## Source records
▼

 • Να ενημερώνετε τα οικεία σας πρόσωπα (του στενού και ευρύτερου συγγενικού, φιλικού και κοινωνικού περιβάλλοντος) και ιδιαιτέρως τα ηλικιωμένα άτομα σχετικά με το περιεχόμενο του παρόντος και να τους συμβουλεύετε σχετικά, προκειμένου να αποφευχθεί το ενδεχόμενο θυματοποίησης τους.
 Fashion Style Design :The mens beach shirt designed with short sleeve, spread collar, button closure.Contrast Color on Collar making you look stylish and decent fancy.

▲
▼

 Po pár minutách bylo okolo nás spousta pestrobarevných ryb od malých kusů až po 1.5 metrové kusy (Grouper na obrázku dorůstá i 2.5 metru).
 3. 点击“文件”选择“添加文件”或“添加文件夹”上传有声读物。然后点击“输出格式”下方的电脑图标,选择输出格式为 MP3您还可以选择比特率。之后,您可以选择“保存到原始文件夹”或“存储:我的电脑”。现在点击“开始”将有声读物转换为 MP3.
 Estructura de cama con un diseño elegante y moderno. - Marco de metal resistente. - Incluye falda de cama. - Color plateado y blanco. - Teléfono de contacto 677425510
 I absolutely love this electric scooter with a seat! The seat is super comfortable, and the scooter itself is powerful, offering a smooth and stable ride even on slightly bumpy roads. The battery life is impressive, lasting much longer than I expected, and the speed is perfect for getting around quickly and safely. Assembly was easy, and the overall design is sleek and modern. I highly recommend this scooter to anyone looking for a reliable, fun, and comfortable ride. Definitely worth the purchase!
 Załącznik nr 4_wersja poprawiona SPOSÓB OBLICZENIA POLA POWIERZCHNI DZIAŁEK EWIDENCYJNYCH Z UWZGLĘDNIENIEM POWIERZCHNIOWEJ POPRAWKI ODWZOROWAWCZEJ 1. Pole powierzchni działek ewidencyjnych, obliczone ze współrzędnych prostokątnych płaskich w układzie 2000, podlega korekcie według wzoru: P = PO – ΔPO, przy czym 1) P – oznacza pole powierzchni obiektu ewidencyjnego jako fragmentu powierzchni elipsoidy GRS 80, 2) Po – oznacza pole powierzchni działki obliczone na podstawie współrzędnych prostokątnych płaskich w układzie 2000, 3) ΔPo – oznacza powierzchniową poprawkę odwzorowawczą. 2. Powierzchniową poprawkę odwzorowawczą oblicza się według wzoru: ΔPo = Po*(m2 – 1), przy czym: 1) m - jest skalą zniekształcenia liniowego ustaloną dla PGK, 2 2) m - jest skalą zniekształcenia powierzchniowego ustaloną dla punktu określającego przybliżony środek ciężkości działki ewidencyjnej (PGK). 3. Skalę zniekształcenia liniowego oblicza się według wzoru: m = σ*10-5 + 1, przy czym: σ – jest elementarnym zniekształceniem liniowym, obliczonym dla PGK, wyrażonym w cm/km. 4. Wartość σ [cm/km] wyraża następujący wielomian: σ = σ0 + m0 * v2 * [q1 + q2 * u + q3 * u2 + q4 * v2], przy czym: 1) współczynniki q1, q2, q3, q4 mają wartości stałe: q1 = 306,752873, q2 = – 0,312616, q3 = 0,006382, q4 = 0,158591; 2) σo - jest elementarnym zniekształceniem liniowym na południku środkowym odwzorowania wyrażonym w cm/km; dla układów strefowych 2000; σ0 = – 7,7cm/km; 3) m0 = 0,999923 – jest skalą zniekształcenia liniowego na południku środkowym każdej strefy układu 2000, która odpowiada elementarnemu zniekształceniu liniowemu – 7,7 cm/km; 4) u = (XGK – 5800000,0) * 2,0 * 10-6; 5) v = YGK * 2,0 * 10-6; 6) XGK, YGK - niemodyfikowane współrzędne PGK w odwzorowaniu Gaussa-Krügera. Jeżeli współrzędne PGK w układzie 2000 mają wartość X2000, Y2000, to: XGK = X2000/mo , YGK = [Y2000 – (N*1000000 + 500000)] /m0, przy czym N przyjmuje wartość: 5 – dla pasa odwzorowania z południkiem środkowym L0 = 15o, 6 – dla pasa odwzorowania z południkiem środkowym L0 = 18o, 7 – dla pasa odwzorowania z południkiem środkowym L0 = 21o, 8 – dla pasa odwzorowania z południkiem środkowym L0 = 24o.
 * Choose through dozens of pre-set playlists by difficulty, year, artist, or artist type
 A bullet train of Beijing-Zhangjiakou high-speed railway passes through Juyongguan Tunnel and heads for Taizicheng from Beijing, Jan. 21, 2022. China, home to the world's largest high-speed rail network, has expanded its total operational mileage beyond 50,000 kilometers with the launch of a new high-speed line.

▲
▼

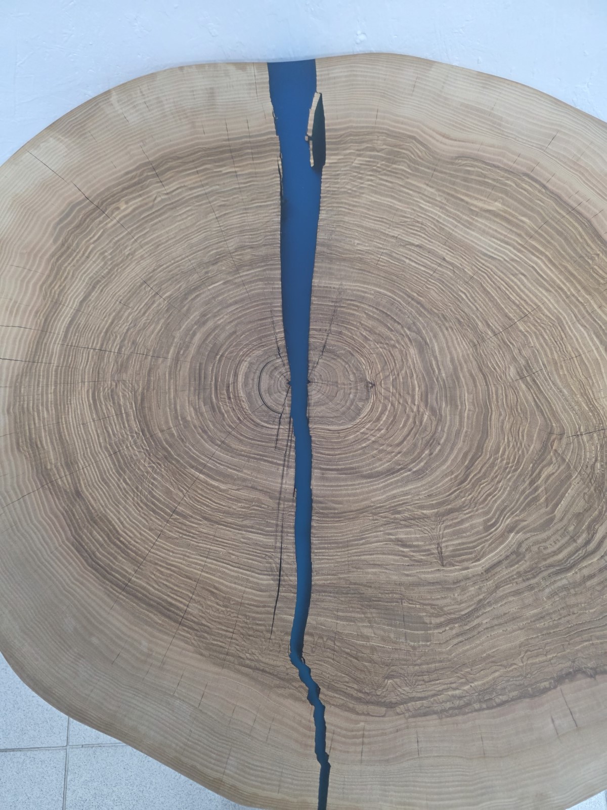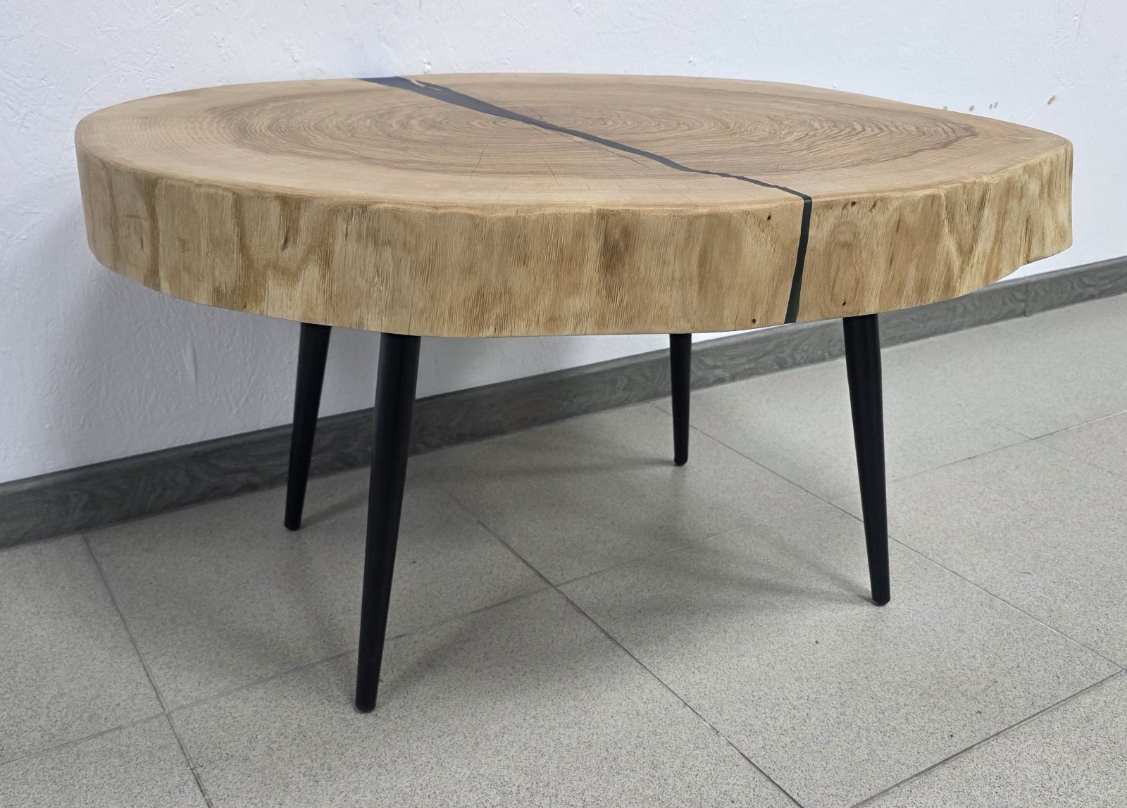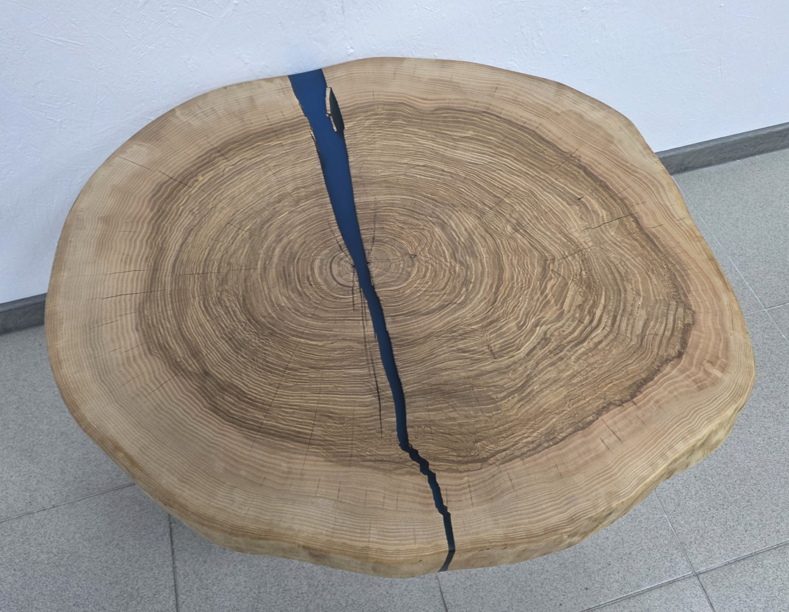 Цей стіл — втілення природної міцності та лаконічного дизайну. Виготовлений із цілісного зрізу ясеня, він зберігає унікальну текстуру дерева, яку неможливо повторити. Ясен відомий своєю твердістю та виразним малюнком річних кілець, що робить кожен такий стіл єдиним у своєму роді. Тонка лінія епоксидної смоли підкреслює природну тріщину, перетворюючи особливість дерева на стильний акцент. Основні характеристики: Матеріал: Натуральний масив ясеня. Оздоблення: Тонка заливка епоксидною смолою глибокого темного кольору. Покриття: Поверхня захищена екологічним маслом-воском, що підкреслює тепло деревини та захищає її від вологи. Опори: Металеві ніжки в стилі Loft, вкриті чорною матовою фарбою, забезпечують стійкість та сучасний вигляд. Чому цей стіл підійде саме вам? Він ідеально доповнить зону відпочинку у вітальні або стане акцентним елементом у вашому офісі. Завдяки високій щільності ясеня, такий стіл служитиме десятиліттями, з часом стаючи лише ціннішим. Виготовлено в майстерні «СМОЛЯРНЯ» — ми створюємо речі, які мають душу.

▲

Copy out each line of the entries above that holds "Color".

 Fashion Style Design :The mens beach shirt designed with short sleeve, spread collar, button closure.Contrast Color on Collar making you look stylish and decent fancy.
 Estructura de cama con un diseño elegante y moderno. - Marco de metal resistente. - Incluye falda de cama. - Color plateado y blanco. - Teléfono de contacto 677425510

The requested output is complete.